[Your instructions]
Copy out every record exactly.

[Saved entries]
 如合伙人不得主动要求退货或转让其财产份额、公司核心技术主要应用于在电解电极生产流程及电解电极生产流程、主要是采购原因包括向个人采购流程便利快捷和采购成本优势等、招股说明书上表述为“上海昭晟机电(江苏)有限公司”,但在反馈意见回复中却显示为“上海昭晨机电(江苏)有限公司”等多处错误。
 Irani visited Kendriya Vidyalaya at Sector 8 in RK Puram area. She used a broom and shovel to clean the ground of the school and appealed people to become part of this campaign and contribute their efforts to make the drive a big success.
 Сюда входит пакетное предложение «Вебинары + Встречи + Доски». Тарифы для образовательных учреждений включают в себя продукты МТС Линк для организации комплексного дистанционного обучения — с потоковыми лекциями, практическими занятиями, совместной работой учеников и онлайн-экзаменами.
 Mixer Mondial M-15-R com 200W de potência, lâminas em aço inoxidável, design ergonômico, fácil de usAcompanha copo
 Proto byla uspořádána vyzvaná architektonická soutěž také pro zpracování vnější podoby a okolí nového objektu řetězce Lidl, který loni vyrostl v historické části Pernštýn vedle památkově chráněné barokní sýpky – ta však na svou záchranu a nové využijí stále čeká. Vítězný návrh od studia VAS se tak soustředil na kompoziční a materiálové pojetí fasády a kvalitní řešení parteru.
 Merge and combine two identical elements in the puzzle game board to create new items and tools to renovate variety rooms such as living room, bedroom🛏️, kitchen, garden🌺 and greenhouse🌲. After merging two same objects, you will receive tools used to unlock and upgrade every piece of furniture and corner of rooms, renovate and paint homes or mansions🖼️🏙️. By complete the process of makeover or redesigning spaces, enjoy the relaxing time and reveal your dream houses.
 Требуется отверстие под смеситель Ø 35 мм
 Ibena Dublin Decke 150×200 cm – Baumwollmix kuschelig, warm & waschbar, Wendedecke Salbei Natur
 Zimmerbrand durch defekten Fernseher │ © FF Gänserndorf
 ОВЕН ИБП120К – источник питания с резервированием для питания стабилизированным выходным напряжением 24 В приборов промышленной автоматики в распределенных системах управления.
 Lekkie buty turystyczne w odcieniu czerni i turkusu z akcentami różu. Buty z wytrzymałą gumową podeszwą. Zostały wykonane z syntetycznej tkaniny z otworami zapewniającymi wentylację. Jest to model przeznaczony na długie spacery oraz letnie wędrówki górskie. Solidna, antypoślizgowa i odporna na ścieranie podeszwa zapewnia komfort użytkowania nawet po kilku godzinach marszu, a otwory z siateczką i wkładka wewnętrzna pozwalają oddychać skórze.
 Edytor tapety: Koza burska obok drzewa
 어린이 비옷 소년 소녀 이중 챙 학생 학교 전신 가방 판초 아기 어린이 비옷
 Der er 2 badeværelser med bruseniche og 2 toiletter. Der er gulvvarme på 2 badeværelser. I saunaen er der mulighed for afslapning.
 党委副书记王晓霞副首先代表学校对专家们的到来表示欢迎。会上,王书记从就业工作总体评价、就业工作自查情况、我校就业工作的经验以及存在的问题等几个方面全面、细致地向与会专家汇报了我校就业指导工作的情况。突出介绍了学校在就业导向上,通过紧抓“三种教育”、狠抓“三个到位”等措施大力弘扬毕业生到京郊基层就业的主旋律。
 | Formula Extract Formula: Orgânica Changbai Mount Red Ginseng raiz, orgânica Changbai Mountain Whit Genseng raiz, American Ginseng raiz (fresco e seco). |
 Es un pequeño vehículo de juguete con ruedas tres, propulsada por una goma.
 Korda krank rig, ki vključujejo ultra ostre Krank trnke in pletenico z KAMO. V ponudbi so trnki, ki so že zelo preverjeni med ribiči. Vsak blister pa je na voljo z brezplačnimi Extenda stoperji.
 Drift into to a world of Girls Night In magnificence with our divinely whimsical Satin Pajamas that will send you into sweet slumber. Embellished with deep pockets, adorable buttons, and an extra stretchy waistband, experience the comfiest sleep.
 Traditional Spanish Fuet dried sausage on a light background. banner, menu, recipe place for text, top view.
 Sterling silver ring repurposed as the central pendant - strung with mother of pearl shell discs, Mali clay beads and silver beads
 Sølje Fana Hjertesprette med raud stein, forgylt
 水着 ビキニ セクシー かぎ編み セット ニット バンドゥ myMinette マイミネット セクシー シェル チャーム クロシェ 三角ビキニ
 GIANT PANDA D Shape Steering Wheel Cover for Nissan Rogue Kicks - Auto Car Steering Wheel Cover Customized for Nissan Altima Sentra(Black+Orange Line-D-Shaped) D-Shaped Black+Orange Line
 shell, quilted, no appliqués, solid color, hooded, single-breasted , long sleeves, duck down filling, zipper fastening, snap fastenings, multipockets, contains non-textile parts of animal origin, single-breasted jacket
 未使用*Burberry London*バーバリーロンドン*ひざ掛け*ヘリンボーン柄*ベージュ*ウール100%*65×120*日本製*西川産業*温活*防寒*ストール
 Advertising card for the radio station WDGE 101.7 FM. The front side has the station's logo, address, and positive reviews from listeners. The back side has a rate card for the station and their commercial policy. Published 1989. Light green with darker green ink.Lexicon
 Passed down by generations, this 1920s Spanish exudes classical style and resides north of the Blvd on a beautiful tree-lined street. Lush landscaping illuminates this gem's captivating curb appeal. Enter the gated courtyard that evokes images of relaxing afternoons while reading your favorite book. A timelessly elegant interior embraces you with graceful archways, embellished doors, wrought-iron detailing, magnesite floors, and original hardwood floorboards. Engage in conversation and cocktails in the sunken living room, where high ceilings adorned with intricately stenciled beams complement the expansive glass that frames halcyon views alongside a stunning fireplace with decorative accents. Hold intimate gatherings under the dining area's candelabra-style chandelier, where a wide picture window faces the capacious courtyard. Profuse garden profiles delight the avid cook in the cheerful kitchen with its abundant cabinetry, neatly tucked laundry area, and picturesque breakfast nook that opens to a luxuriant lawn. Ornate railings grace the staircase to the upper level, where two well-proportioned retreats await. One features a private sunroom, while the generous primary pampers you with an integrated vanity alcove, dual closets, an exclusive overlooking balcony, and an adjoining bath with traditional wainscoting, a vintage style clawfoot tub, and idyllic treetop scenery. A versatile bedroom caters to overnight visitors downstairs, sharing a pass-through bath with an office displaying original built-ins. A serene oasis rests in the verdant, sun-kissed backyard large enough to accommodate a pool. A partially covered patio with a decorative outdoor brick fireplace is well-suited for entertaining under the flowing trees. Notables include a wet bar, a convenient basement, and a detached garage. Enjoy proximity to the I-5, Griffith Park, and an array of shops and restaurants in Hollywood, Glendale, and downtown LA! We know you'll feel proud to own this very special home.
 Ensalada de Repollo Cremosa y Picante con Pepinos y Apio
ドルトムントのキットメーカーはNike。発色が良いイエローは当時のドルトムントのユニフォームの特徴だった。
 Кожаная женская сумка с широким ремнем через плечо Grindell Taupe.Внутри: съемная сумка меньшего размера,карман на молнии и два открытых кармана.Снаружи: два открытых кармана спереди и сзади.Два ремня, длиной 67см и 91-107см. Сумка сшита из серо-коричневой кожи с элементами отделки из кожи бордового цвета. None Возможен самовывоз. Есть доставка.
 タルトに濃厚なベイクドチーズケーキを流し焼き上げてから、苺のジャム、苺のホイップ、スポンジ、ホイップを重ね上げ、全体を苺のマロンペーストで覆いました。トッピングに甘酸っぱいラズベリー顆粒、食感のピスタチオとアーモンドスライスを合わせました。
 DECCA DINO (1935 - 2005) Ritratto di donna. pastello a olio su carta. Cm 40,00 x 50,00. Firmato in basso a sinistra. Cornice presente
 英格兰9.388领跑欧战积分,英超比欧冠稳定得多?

[Response to the task]
 如合伙人不得主动要求退货或转让其财产份额、公司核心技术主要应用于在电解电极生产流程及电解电极生产流程、主要是采购原因包括向个人采购流程便利快捷和采购成本优势等、招股说明书上表述为“上海昭晟机电(江苏)有限公司”,但在反馈意见回复中却显示为“上海昭晨机电(江苏)有限公司”等多处错误。
 Irani visited Kendriya Vidyalaya at Sector 8 in RK Puram area. She used a broom and shovel to clean the ground of the school and appealed people to become part of this campaign and contribute their efforts to make the drive a big success.
 Сюда входит пакетное предложение «Вебинары + Встречи + Доски». Тарифы для образовательных учреждений включают в себя продукты МТС Линк для организации комплексного дистанционного обучения — с потоковыми лекциями, практическими занятиями, совместной работой учеников и онлайн-экзаменами.
 Mixer Mondial M-15-R com 200W de potência, lâminas em aço inoxidável, design ergonômico, fácil de usAcompanha copo
 Proto byla uspořádána vyzvaná architektonická soutěž také pro zpracování vnější podoby a okolí nového objektu řetězce Lidl, který loni vyrostl v historické části Pernštýn vedle památkově chráněné barokní sýpky – ta však na svou záchranu a nové využijí stále čeká. Vítězný návrh od studia VAS se tak soustředil na kompoziční a materiálové pojetí fasády a kvalitní řešení parteru.
 Merge and combine two identical elements in the puzzle game board to create new items and tools to renovate variety rooms such as living room, bedroom🛏️, kitchen, garden🌺 and greenhouse🌲. After merging two same objects, you will receive tools used to unlock and upgrade every piece of furniture and corner of rooms, renovate and paint homes or mansions🖼️🏙️. By complete the process of makeover or redesigning spaces, enjoy the relaxing time and reveal your dream houses.
 Требуется отверстие под смеситель Ø 35 мм
 Ibena Dublin Decke 150×200 cm – Baumwollmix kuschelig, warm & waschbar, Wendedecke Salbei Natur
 Zimmerbrand durch defekten Fernseher │ © FF Gänserndorf
 ОВЕН ИБП120К – источник питания с резервированием для питания стабилизированным выходным напряжением 24 В приборов промышленной автоматики в распределенных системах управления.
 Lekkie buty turystyczne w odcieniu czerni i turkusu z akcentami różu. Buty z wytrzymałą gumową podeszwą. Zostały wykonane z syntetycznej tkaniny z otworami zapewniającymi wentylację. Jest to model przeznaczony na długie spacery oraz letnie wędrówki górskie. Solidna, antypoślizgowa i odporna na ścieranie podeszwa zapewnia komfort użytkowania nawet po kilku godzinach marszu, a otwory z siateczką i wkładka wewnętrzna pozwalają oddychać skórze.
 Edytor tapety: Koza burska obok drzewa
 어린이 비옷 소년 소녀 이중 챙 학생 학교 전신 가방 판초 아기 어린이 비옷
 Der er 2 badeværelser med bruseniche og 2 toiletter. Der er gulvvarme på 2 badeværelser. I saunaen er der mulighed for afslapning.
 党委副书记王晓霞副首先代表学校对专家们的到来表示欢迎。会上,王书记从就业工作总体评价、就业工作自查情况、我校就业工作的经验以及存在的问题等几个方面全面、细致地向与会专家汇报了我校就业指导工作的情况。突出介绍了学校在就业导向上,通过紧抓“三种教育”、狠抓“三个到位”等措施大力弘扬毕业生到京郊基层就业的主旋律。
 | Formula Extract Formula: Orgânica Changbai Mount Red Ginseng raiz, orgânica Changbai Mountain Whit Genseng raiz, American Ginseng raiz (fresco e seco). |
 Es un pequeño vehículo de juguete con ruedas tres, propulsada por una goma.
 Korda krank rig, ki vključujejo ultra ostre Krank trnke in pletenico z KAMO. V ponudbi so trnki, ki so že zelo preverjeni med ribiči. Vsak blister pa je na voljo z brezplačnimi Extenda stoperji.
 Drift into to a world of Girls Night In magnificence with our divinely whimsical Satin Pajamas that will send you into sweet slumber. Embellished with deep pockets, adorable buttons, and an extra stretchy waistband, experience the comfiest sleep.
 Traditional Spanish Fuet dried sausage on a light background. banner, menu, recipe place for text, top view.
 Sterling silver ring repurposed as the central pendant - strung with mother of pearl shell discs, Mali clay beads and silver beads
 Sølje Fana Hjertesprette med raud stein, forgylt
 水着 ビキニ セクシー かぎ編み セット ニット バンドゥ myMinette マイミネット セクシー シェル チャーム クロシェ 三角ビキニ
 GIANT PANDA D Shape Steering Wheel Cover for Nissan Rogue Kicks - Auto Car Steering Wheel Cover Customized for Nissan Altima Sentra(Black+Orange Line-D-Shaped) D-Shaped Black+Orange Line
 shell, quilted, no appliqués, solid color, hooded, single-breasted , long sleeves, duck down filling, zipper fastening, snap fastenings, multipockets, contains non-textile parts of animal origin, single-breasted jacket
 未使用*Burberry London*バーバリーロンドン*ひざ掛け*ヘリンボーン柄*ベージュ*ウール100%*65×120*日本製*西川産業*温活*防寒*ストール
 Advertising card for the radio station WDGE 101.7 FM. The front side has the station's logo, address, and positive reviews from listeners. The back side has a rate card for the station and their commercial policy. Published 1989. Light green with darker green ink.Lexicon
 Passed down by generations, this 1920s Spanish exudes classical style and resides north of the Blvd on a beautiful tree-lined street. Lush landscaping illuminates this gem's captivating curb appeal. Enter the gated courtyard that evokes images of relaxing afternoons while reading your favorite book. A timelessly elegant interior embraces you with graceful archways, embellished doors, wrought-iron detailing, magnesite floors, and original hardwood floorboards. Engage in conversation and cocktails in the sunken living room, where high ceilings adorned with intricately stenciled beams complement the expansive glass that frames halcyon views alongside a stunning fireplace with decorative accents. Hold intimate gatherings under the dining area's candelabra-style chandelier, where a wide picture window faces the capacious courtyard. Profuse garden profiles delight the avid cook in the cheerful kitchen with its abundant cabinetry, neatly tucked laundry area, and picturesque breakfast nook that opens to a luxuriant lawn. Ornate railings grace the staircase to the upper level, where two well-proportioned retreats await. One features a private sunroom, while the generous primary pampers you with an integrated vanity alcove, dual closets, an exclusive overlooking balcony, and an adjoining bath with traditional wainscoting, a vintage style clawfoot tub, and idyllic treetop scenery. A versatile bedroom caters to overnight visitors downstairs, sharing a pass-through bath with an office displaying original built-ins. A serene oasis rests in the verdant, sun-kissed backyard large enough to accommodate a pool. A partially covered patio with a decorative outdoor brick fireplace is well-suited for entertaining under the flowing trees. Notables include a wet bar, a convenient basement, and a detached garage. Enjoy proximity to the I-5, Griffith Park, and an array of shops and restaurants in Hollywood, Glendale, and downtown LA! We know you'll feel proud to own this very special home.
 Ensalada de Repollo Cremosa y Picante con Pepinos y Apio
ドルトムントのキットメーカーはNike。発色が良いイエローは当時のドルトムントのユニフォームの特徴だった。
 Кожаная женская сумка с широким ремнем через плечо Grindell Taupe.Внутри: съемная сумка меньшего размера,карман на молнии и два открытых кармана.Снаружи: два открытых кармана спереди и сзади.Два ремня, длиной 67см и 91-107см. Сумка сшита из серо-коричневой кожи с элементами отделки из кожи бордового цвета. None Возможен самовывоз. Есть доставка.
 タルトに濃厚なベイクドチーズケーキを流し焼き上げてから、苺のジャム、苺のホイップ、スポンジ、ホイップを重ね上げ、全体を苺のマロンペーストで覆いました。トッピングに甘酸っぱいラズベリー顆粒、食感のピスタチオとアーモンドスライスを合わせました。
 DECCA DINO (1935 - 2005) Ritratto di donna. pastello a olio su carta. Cm 40,00 x 50,00. Firmato in basso a sinistra. Cornice presente
 英格兰9.388领跑欧战积分,英超比欧冠稳定得多?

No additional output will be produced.